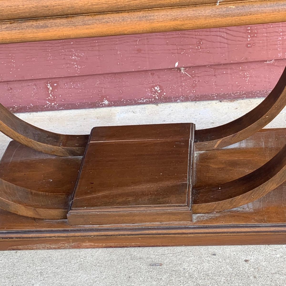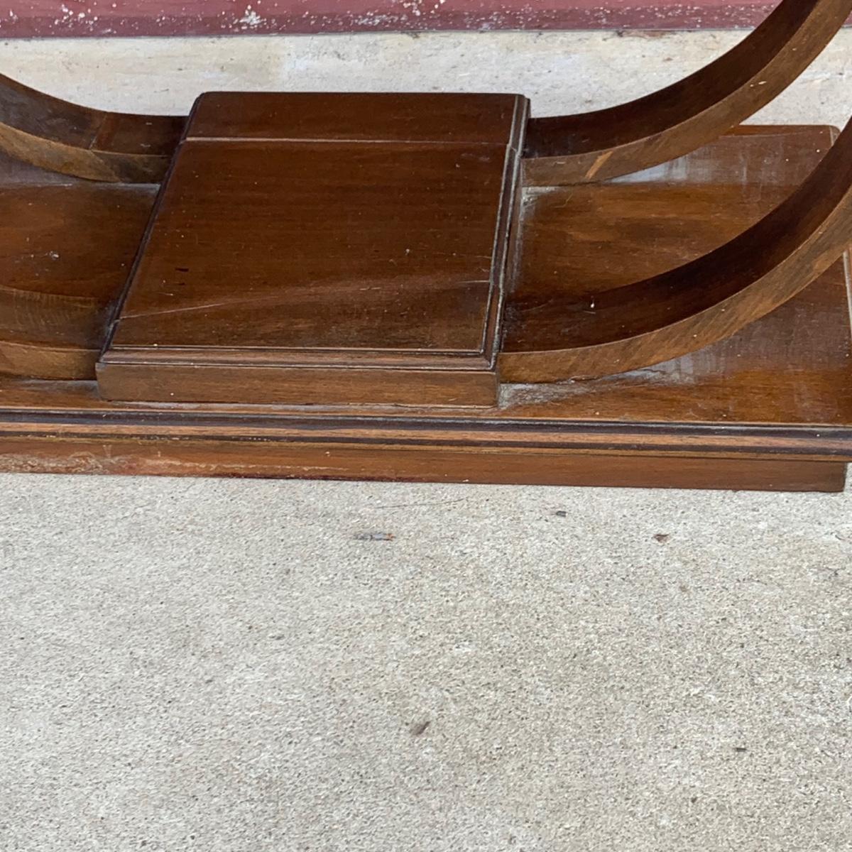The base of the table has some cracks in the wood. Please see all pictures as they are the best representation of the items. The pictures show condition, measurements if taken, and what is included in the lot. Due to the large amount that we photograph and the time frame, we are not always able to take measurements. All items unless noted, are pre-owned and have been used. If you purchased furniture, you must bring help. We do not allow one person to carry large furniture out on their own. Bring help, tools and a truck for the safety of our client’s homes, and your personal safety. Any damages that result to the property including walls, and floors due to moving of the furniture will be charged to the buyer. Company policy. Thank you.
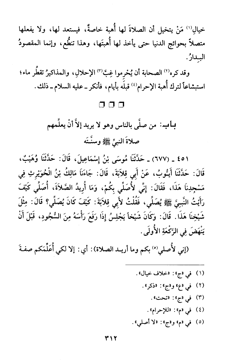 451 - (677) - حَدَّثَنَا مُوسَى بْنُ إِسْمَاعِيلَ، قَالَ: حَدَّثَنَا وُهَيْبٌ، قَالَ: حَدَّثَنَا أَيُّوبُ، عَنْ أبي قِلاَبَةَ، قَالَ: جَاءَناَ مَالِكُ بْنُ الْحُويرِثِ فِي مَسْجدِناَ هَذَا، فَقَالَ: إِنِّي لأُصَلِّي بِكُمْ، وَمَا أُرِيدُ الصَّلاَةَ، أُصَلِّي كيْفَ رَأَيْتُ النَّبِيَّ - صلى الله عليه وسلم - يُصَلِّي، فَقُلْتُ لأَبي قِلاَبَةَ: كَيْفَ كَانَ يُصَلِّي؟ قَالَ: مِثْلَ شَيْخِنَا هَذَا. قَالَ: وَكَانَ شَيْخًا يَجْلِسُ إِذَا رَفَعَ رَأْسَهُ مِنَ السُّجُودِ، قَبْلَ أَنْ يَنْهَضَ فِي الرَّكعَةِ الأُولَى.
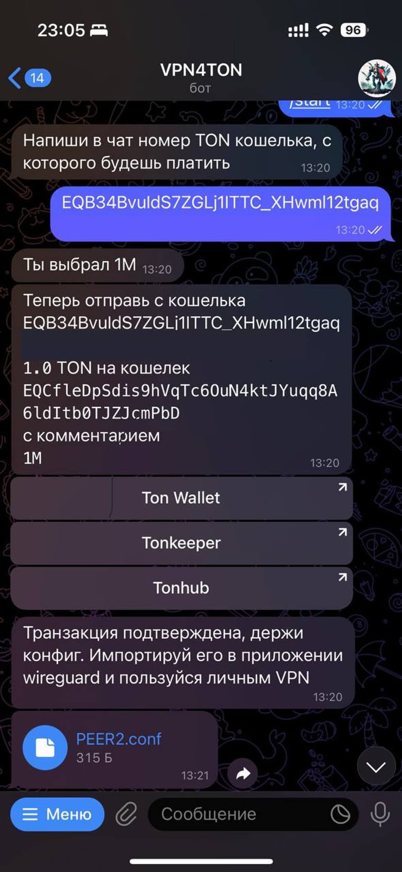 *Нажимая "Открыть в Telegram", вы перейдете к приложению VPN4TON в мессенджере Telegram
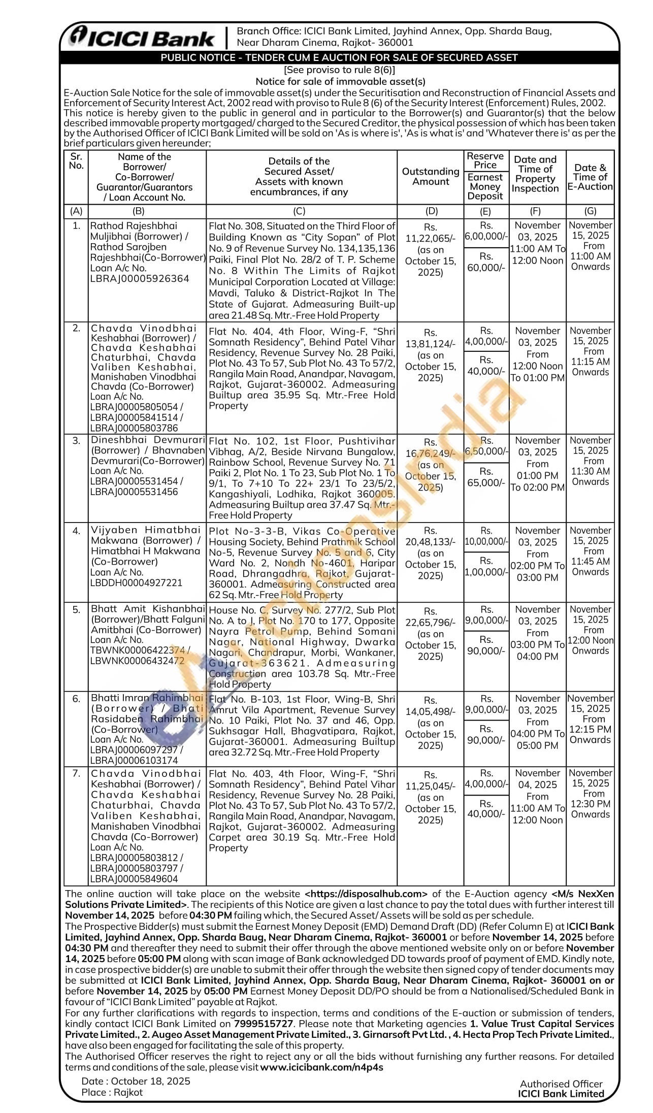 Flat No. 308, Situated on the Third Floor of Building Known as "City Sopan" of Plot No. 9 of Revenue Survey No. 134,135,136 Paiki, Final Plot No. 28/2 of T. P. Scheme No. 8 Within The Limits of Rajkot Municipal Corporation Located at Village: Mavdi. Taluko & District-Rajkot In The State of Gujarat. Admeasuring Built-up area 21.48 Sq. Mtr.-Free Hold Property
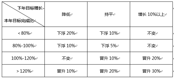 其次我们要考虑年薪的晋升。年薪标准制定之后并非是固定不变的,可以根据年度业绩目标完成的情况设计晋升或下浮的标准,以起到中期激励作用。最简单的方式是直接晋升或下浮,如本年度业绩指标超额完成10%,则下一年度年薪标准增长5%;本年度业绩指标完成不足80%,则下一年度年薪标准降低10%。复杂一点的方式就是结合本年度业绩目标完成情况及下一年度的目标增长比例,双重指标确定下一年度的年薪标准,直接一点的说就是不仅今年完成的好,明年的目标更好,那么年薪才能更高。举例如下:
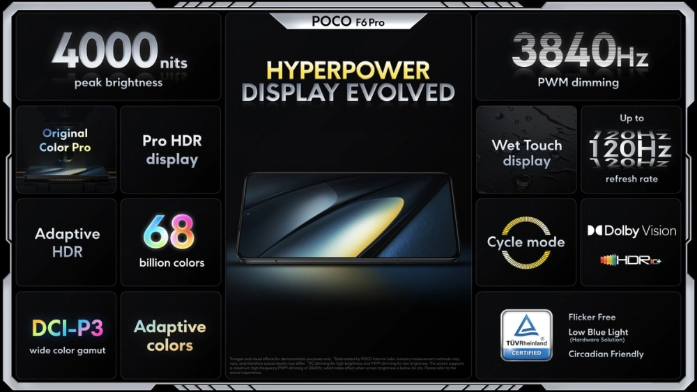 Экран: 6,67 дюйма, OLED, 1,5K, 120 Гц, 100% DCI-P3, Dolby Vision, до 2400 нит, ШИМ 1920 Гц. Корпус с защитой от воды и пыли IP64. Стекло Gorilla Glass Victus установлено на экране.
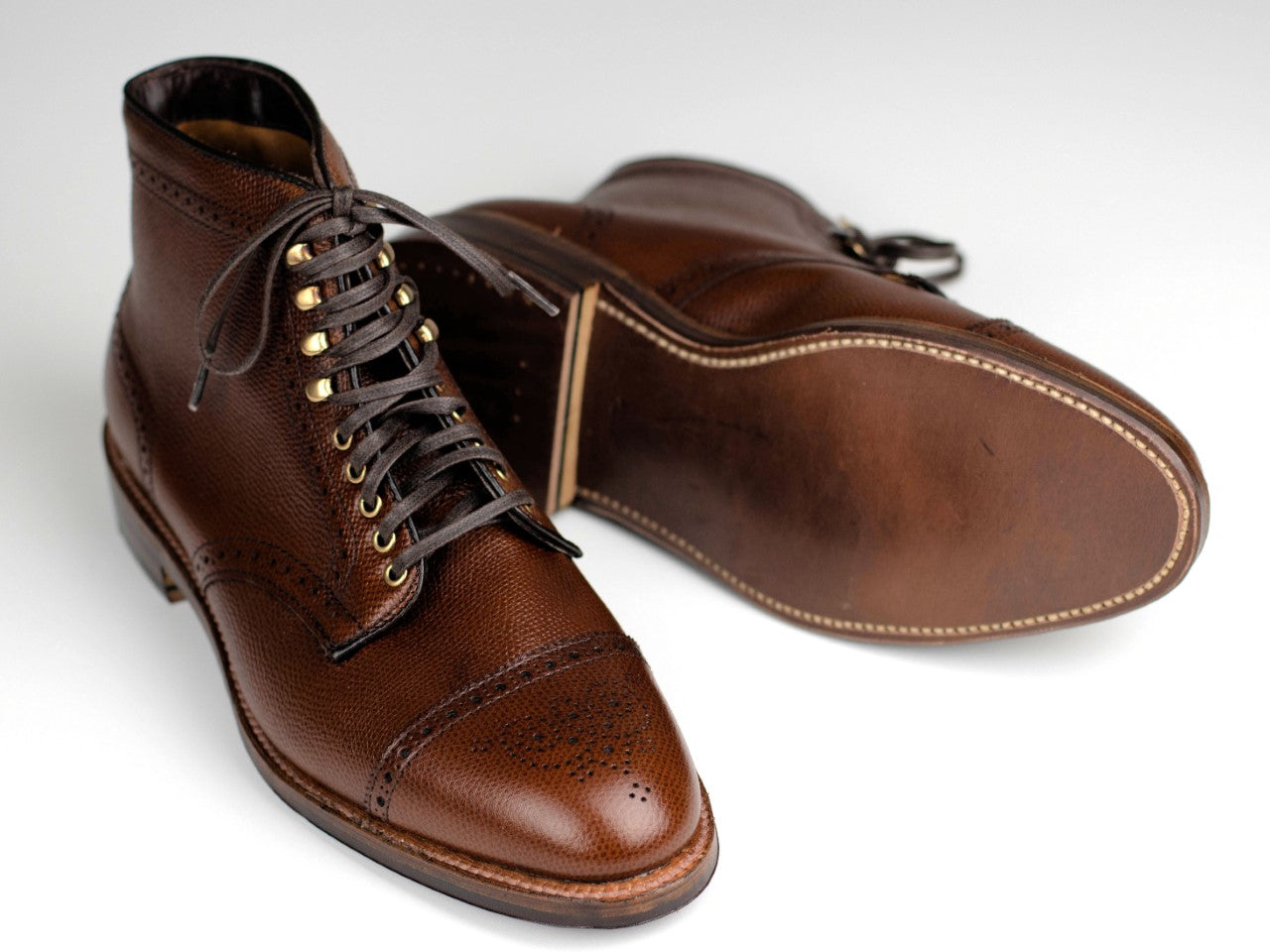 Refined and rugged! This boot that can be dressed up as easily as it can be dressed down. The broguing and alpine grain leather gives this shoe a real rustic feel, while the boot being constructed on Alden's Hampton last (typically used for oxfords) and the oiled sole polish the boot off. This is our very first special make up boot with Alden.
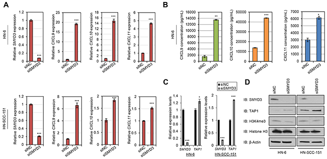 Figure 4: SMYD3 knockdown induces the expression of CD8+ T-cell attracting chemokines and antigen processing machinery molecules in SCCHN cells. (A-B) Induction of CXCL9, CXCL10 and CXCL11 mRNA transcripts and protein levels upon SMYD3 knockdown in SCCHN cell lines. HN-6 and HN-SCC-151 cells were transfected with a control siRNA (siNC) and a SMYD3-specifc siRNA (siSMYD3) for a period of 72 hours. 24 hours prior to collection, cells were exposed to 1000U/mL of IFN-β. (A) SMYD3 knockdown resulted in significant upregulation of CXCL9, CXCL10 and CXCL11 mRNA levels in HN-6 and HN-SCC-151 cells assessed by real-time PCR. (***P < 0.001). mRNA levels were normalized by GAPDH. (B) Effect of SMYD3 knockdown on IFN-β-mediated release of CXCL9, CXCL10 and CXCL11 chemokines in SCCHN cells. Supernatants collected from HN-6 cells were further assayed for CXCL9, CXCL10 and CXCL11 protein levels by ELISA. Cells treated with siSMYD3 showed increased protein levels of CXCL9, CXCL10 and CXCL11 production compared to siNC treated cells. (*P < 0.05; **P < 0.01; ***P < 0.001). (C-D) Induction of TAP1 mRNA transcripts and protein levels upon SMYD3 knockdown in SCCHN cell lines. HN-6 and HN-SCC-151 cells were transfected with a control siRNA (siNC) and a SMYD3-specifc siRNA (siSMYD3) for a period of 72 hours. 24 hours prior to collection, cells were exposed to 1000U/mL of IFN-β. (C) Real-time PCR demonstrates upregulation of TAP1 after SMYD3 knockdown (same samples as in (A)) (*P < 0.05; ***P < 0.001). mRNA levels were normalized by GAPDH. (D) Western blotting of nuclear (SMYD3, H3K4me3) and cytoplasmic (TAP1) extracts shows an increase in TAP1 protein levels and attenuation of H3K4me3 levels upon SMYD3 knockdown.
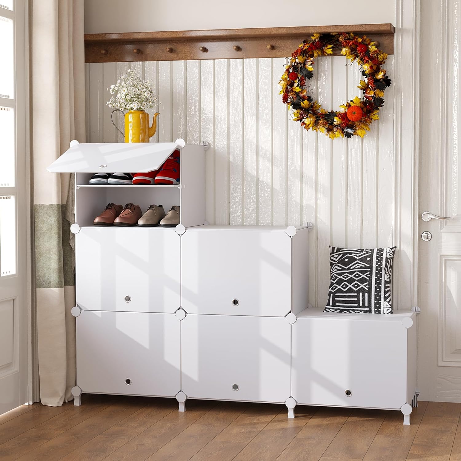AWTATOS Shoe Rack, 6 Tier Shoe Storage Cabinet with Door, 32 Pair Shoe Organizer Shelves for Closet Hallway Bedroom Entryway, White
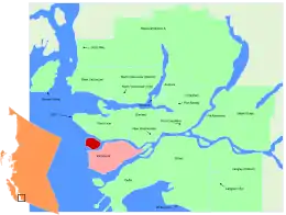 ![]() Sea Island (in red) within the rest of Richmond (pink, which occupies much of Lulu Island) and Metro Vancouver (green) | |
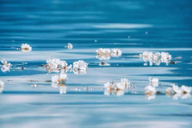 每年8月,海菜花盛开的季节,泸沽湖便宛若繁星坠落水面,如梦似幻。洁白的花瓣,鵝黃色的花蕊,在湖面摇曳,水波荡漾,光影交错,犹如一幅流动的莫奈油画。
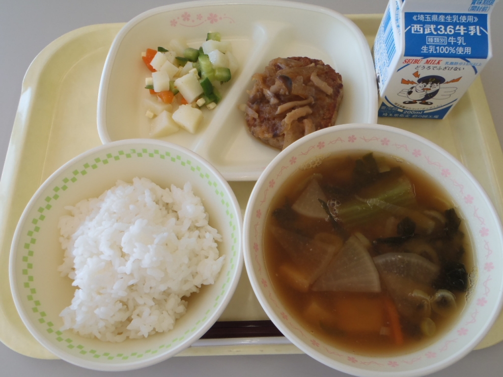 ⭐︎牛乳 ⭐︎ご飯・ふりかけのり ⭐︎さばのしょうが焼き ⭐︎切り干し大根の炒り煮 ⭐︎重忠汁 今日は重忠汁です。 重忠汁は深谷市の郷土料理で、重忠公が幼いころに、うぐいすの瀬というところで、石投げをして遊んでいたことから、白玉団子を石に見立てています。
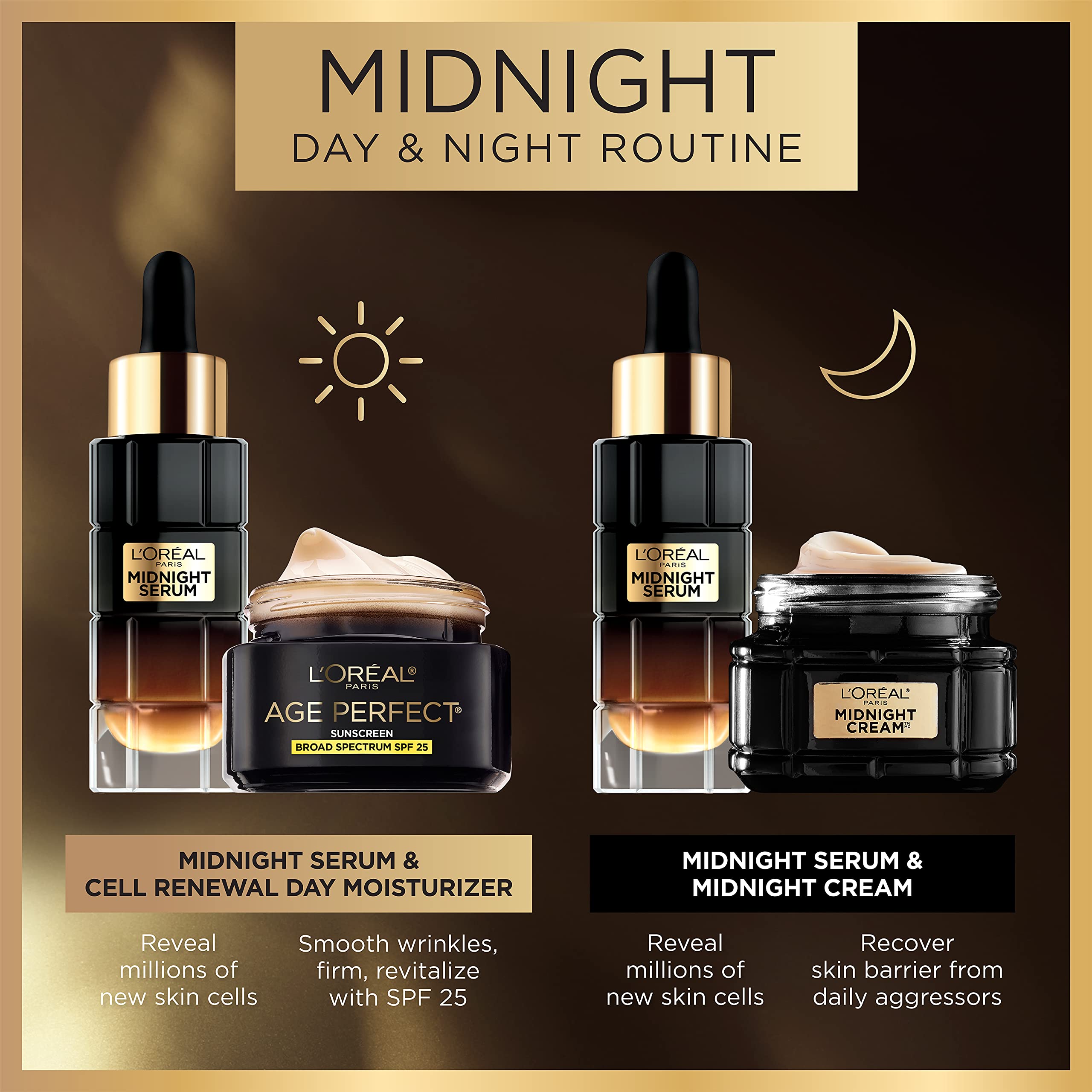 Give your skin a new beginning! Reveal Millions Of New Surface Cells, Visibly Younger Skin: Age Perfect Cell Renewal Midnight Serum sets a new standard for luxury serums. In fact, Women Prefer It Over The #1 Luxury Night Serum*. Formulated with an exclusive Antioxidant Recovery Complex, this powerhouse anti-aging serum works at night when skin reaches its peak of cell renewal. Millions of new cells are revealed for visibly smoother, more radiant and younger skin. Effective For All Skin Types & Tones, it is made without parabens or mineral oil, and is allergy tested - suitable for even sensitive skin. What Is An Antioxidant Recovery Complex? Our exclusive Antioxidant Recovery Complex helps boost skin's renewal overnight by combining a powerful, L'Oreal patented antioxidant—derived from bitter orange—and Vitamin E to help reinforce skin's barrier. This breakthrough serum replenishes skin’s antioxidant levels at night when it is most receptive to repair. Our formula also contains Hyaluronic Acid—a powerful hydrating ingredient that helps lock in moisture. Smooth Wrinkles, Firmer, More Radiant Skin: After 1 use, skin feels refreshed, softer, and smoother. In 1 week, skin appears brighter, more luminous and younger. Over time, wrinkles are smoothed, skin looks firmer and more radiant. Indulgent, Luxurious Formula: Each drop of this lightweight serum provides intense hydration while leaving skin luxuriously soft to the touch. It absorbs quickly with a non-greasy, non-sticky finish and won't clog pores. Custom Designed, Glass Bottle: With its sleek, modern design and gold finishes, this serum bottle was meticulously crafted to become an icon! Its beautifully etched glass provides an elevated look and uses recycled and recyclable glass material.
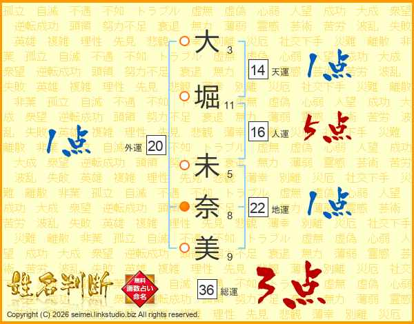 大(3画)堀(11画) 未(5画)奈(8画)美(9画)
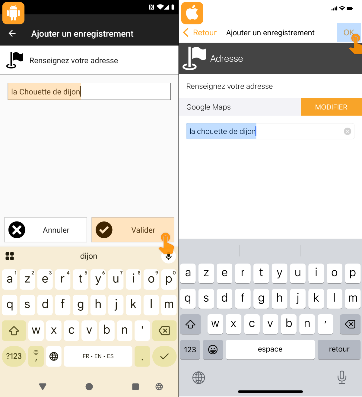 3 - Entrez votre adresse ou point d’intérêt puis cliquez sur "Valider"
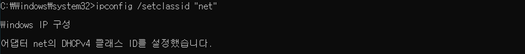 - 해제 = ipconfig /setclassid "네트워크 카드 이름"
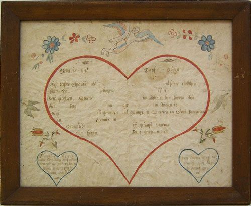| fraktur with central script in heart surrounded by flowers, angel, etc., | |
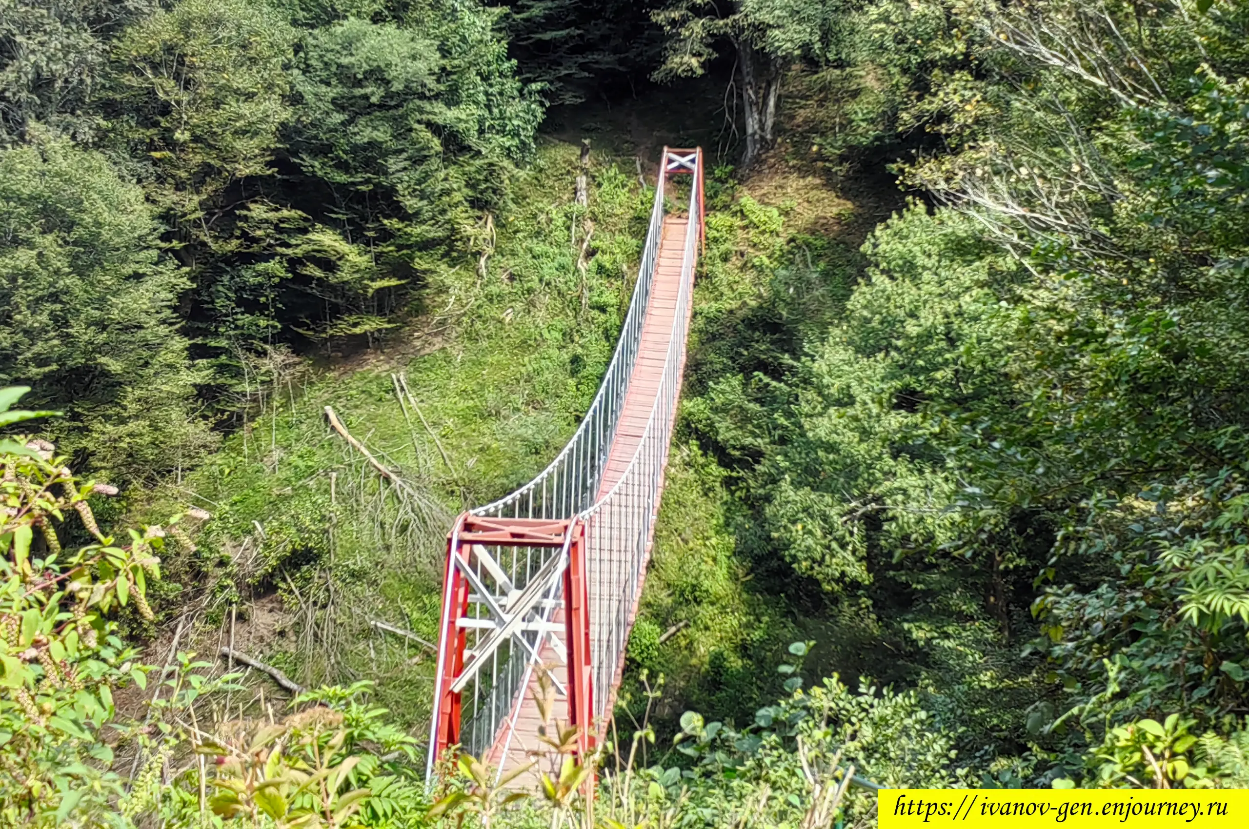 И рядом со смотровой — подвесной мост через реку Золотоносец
_ _ _ _
Starting with the line that has "451 - (677)" and going on through the line that has "в мессенджере Telegram", transcribe the records above exactly, but skip the pictures.

### Solution
 451 - (677) - حَدَّثَنَا مُوسَى بْنُ إِسْمَاعِيلَ، قَالَ: حَدَّثَنَا وُهَيْبٌ، قَالَ: حَدَّثَنَا أَيُّوبُ، عَنْ أبي قِلاَبَةَ، قَالَ: جَاءَناَ مَالِكُ بْنُ الْحُويرِثِ فِي مَسْجدِناَ هَذَا، فَقَالَ: إِنِّي لأُصَلِّي بِكُمْ، وَمَا أُرِيدُ الصَّلاَةَ، أُصَلِّي كيْفَ رَأَيْتُ النَّبِيَّ - صلى الله عليه وسلم - يُصَلِّي، فَقُلْتُ لأَبي قِلاَبَةَ: كَيْفَ كَانَ يُصَلِّي؟ قَالَ: مِثْلَ شَيْخِنَا هَذَا. قَالَ: وَكَانَ شَيْخًا يَجْلِسُ إِذَا رَفَعَ رَأْسَهُ مِنَ السُّجُودِ، قَبْلَ أَنْ يَنْهَضَ فِي الرَّكعَةِ الأُولَى.
 *Нажимая "Открыть в Telegram", вы перейдете к приложению VPN4TON в мессенджере Telegram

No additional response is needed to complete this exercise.